Я, как могла, объяснила ей связь всех событий, и она мне пообещала, что прямо сейчас к ним и пойдёт. А потом добавила:
– Дашу с собой возьму.
– Вы уверены? – Засомневалась я в её решении.
– А что нам терять? Если в ближайшее время ничего у вас не получится, нам с Дашей уже никто не поможет. А Лена меня поймёт. Раз она не участвовала в колдовстве своих родственниц, то у меня только на неё вся надежда. Потихоньку с Дашей дойдём до них. Они же рядом живут. Второй этаж, невысоко ей подниматься.
Я уже начала волноваться, время идёт, а Ильи всё нет. Звонить ему не буду, вдруг он в дороге. Не любит он, когда ему в это время кто-то звонит. Я вышла на улицу, прошлась к реке, постояла на берегу.
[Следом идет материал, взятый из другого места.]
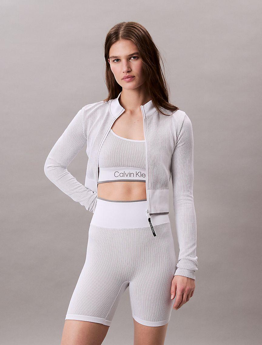 Designed with a contouring slim fit, these bike shorts have a seamless ribbed construction that stretches for free movement. Made with a high rise waist. Detailed with a Calvin Klein logo at the back.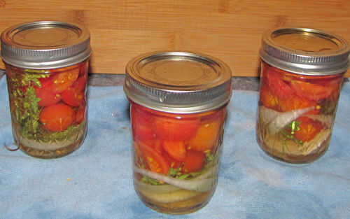 El año pasado, me encontré con una abundancia de tomates Cherry. No es 100% seguro de que hacer con ellos, decido, mientras conserva un lote de mi salsa de pimienta caliente "Hellish", un pequeño lote de tomates en vinagre se puede también.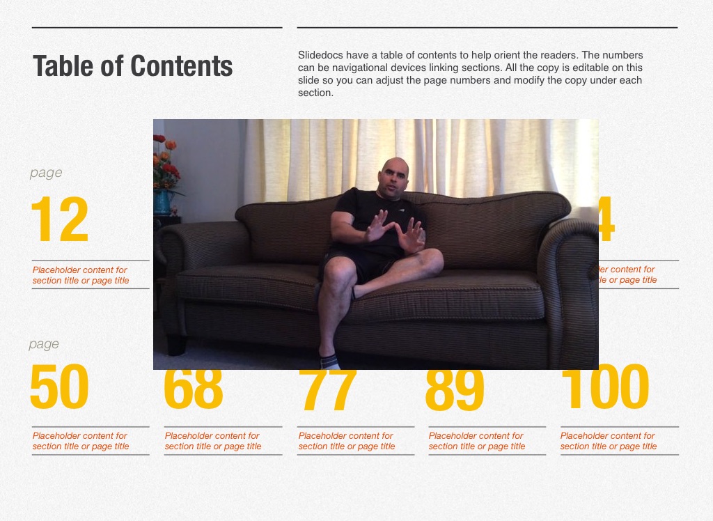 Slidedocs have a table of contents to help orient the readers. The numbers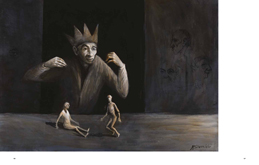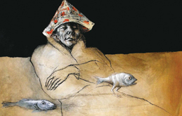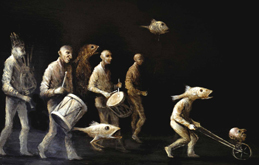 Ce sont les mêmes qu’à l’extérieur : des hommes poissons ou des squelettes musiciens autour desquels tu ajoutes parfois des évêques ou des bourgeois éteints. Il est difficile de rouvrir les yeux après avoir vu tes toiles ou tes superbes dessins qui reflètent le plus profond de nous avant même d’être ici quand nous appartenions encore au monde de l’eau d’où viennent tes poissons qui évoluent dans tes tableaux mais qui n’ont pas besoin de la mer pour se mouvoir, comme tes personnages n’ont pas besoin de rue et de champs pour marcher. Ta plume dont on entend le crissement sur le papier au milieu de la fanfare de tes hommes perdus, éclopés et mutants qui sont nos frères dans notre monde qui perd chaque jours son sens, ta plume nous griffe dans notre errance avec ton regard de roi débonnaire et rieur qui fait un clin d’œil à notre solitude.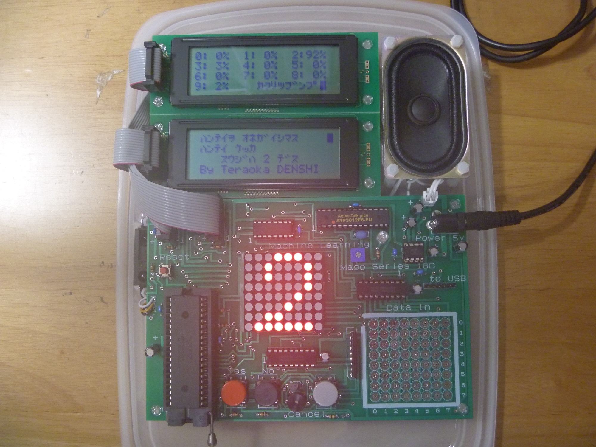 音声案内に従って数字を入力すると電子ゲームが認識します。認識した数字は、確率分布で表示されます。もちろん入力数字の最終判断は人間です。

Возле самой воды отдыхала компания, было шумно. А мне хотелось тишины. Я снова вернулась во двор. Какое-то состояние усталости навалилось на меня. Не хотелось ни двигаться, ни разговаривать. Даже думать. Так и сидела с пустой головой, в которой не рождалось ни одной мысли.
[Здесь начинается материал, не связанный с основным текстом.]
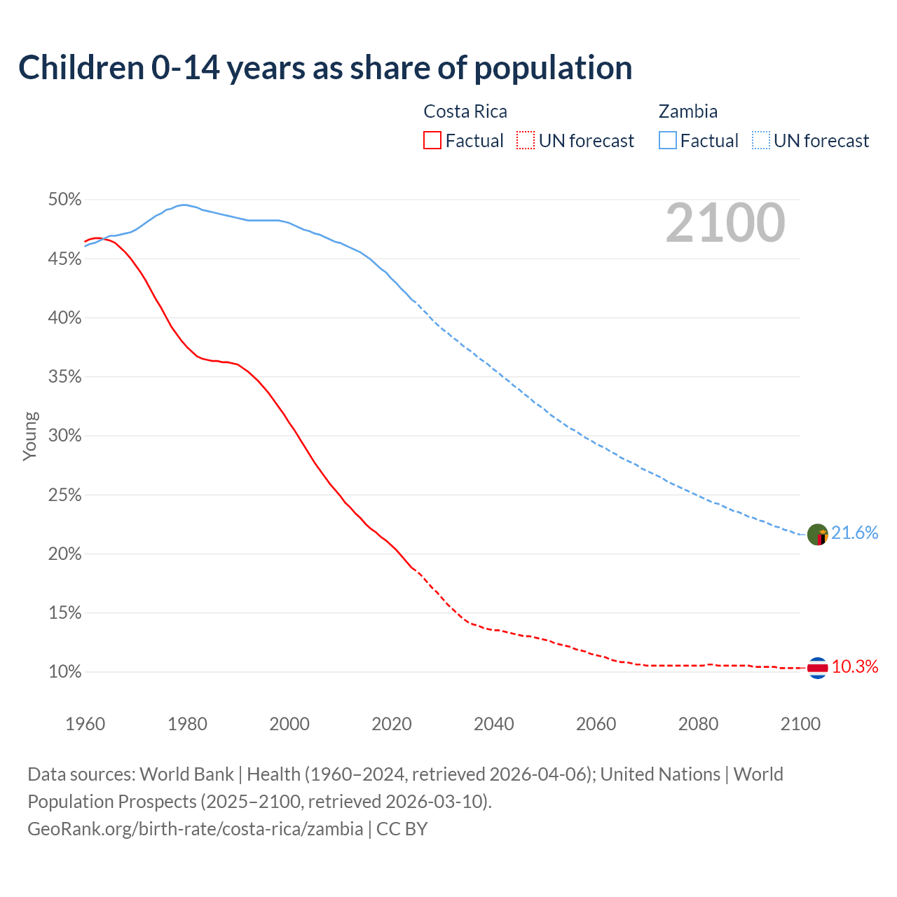 According to the latest available data on birth rates, the fertility rate in Costa Rica was 1.33 children per woman in 2023, compared to 4.1 in Zambia in 2023. The replacement level is considered to be 2.1 children per woman.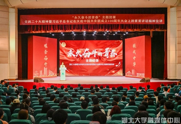 從南湖紅船到天安門城樓,從李大釗同志被捕入獄到無數(shù)革命先烈前仆后繼……以音傳情,以歌敘史。近日,團省委副書記陳立一行赴湖北大學講授“永久奮斗的青春”主題團課。團課以共青團跟黨奮斗的光榮歷史為線索展開,通過沉浸式體驗和藝術(shù)式呈現(xiàn),與團員青年共同追憶初心使命,拉開全校團員青年學習貫徹習近平新時代中國特色社會主義思想主題教育的帷幕。校黨委副書記侯勇出席活動。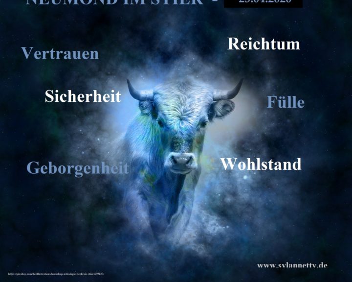 Neumond im Stier – hilft dir in Selbstliebe und Selbstvertrauen zu kommen und Sicherheit und Geborgenheit zu spüren. EINSSEIN mit der Quelle und getragen sein von Mutter Erde bringt den Wohlstand, Fülle und Reichtum in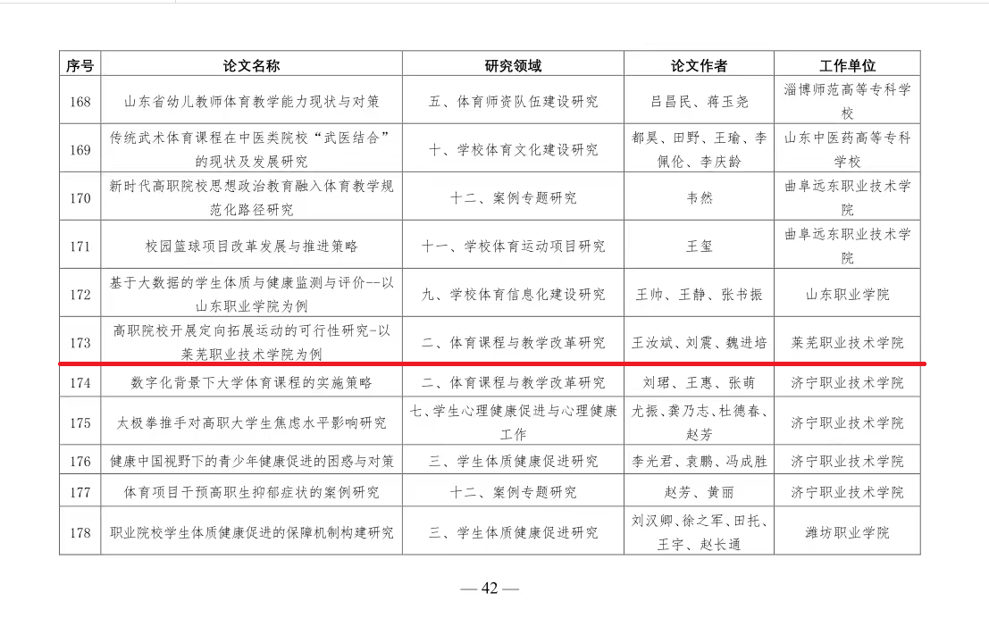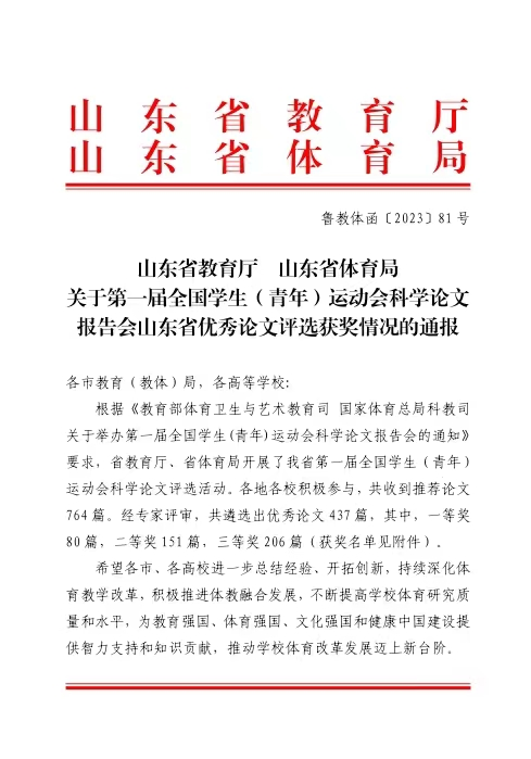 近日,学校收到省教育厅和省体育局联合下发的《关于第一届全国学生(青年)运动会科学论文报告会山东省优秀论文评选获奖情况的通报》,公共教学部报送的体育课程与教学改革研究类别论文《高职院校开展定向拓展运动的可行性研究-以beat365在线唯一官网为例》荣获全省学校三等奖。

Послышались шаги. Сакатов подошёл и сел рядом.
– Нашёл что-нибудь? – Спросила я его.
– Не знаю пока, но давай вместе порассуждаем. Смотри, знахарка сказала, что за всё надо платить, но не сказала, кто это наслал. А само оно не могло прийти, если кто-то не приложил к этому руку.
– Не поняла. Что значит, кто наслал? Это же карма!
– Оля, карма, это когда ты пнула ногой собаку, а потом подскользнулась и сломала эту ногу. А если ты пнула собаку, а потом на этой ноге появился паук под кожей, это похоже на карму?
– Да, это наказание!
– От кого?
Я задумалась. От кого приходит наказание?
– От высших сил. – Уверенно ответила я – Кто-то следит ведь за равновесием во вселенной.
– А откуда высшие силы знают, что равновесие нарушено? Они что, за каждой собакой следят?
– Знаешь что, просто выложи все свои мысли, и тогда мы с тобой порассуждаем! Иначе мы так до китайской пасхи будем тут про карму спорить.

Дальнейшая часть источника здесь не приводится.